A set of segments.Similarly, if user needs to generate the more trailer of content of fighting, corresponding content label can also be chosen
Segment.
For audio content and video content, its label can be individually set, you can be divided into video content label and sound
Frequency content tab, the two correspond, and are associated with the subobject for the video-audio data object that segmentation obtains.As a result, based on interior
When appearance label is sorted out, it can also classify in combination with audio and video individually according to audio or video,
To generate the set of user's needs, collection can be right according to the video content label and/or audio content label of the subobject
The video content of subobject and/or audio content are sorted out in the video-audio data object, obtain video content collection and/or sound
Frequency content set.
Fig. 2 shows overall flows when being handled video-audio data object using method provided by the embodiments of the present application
Schematic diagram, the overall flow include following processing step:
S201 is primarily based on video content and is split, and is divided into multiple subobjects.
S202 carries out video feature extraction for the video content after segmentation, obtains video feature information.
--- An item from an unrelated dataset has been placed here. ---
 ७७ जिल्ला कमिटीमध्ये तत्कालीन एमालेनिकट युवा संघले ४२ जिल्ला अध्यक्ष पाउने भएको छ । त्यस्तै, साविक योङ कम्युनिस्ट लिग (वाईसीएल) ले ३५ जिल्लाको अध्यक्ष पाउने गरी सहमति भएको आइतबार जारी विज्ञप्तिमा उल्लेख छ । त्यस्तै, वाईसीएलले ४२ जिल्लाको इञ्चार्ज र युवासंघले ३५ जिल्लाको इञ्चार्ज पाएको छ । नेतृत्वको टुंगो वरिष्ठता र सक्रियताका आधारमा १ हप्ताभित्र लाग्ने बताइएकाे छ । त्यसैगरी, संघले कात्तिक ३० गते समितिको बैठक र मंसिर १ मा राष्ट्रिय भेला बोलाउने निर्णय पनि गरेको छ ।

S203, while audio and video are detached, the audio content corresponding to video after being divided.
S204 carries out noise reduction to audio content, eliminates noise.
S205 identifies waveform in different-waveband, isolates different types of audio, such as separation voice/audio etc..
S206 carries out audio spy's feature extraction to different types of audio, obtains audio feature information.
S207 handles video feature information and audio feature information input deep learning model.
S208 identifies content tab, is classified as in multiple video content collection and audio according to the handling result of deep learning
Hold collection.
Based on same inventive concept, the processing equipment of video-audio data, the equipment pair are additionally provided in the embodiment of the present application
The method answered is the method in previous embodiment, and its principle solved the problems, such as is similar to this method.
The embodiment of the present application provides a kind of processing equipment of video-audio data, which can be to determining video-audio data object
In each subobject particular content for including, can effectively apply the audio-video frequency content in video-audio data object, realize and regard sound
The United Dispatching of frequency data uses.The specific implementation of the equipment can be user equipment, the network equipment or user equipment and network
Equipment is integrated constituted equipment by network, or can also be the application program for running on above equipment.The user
Equipment includes but not limited to all kinds of terminal devices such as computer, mobile phone, tablet computer;The network equipment includes but not limited to such as
The realizations such as network host, single network server, multiple network server collection or the set of computers based on cloud computing.Here,
Cloud is made of a large amount of hosts or network server for being based on cloud computing (Cloud Computing), wherein cloud computing is distributed
One kind of calculating, a virtual machine being made of the computer collection of a group loose couplings.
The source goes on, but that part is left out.